» PROBLEM DETAILS: Nothing but the lines from the one containing "Featuring a seriously" through the one containing "家裝公司數量仍然很龐大,但不", both included, should be given again, each exactly as written below.

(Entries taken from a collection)
########

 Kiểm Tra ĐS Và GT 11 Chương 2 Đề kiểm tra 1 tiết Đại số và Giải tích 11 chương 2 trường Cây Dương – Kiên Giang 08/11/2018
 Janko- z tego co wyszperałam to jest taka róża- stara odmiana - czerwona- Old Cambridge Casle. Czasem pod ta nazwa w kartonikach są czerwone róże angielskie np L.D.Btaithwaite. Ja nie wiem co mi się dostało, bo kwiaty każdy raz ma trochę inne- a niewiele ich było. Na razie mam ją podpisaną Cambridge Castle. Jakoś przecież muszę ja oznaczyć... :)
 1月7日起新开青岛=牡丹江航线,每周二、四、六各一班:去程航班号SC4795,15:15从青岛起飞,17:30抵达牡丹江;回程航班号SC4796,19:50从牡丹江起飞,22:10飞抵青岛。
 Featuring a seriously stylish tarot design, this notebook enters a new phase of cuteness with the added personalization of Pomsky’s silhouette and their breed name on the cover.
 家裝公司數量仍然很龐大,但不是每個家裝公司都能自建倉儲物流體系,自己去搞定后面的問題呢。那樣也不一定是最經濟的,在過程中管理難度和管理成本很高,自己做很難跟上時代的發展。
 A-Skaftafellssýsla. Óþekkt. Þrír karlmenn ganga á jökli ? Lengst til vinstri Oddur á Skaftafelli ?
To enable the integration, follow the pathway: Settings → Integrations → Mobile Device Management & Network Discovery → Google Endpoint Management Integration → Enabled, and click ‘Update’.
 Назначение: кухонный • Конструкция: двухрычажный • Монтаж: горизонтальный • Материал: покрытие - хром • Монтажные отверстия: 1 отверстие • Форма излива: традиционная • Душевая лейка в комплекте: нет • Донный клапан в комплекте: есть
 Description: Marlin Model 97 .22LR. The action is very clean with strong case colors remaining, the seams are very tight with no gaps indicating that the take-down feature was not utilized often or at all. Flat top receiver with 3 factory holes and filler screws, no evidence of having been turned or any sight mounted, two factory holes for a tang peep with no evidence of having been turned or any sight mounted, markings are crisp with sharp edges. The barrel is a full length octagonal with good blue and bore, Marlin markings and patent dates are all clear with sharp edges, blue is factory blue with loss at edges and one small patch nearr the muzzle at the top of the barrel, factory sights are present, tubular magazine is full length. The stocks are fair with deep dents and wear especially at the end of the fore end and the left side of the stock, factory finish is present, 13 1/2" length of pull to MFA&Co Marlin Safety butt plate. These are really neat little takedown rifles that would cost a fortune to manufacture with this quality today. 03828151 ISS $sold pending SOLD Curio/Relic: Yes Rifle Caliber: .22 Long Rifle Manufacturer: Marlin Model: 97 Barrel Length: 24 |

########

» ANSWER BOX:
 Featuring a seriously stylish tarot design, this notebook enters a new phase of cuteness with the added personalization of Pomsky’s silhouette and their breed name on the cover.
 家裝公司數量仍然很龐大,但不是每個家裝公司都能自建倉儲物流體系,自己去搞定后面的問題呢。那樣也不一定是最經濟的,在過程中管理難度和管理成本很高,自己做很難跟上時代的發展。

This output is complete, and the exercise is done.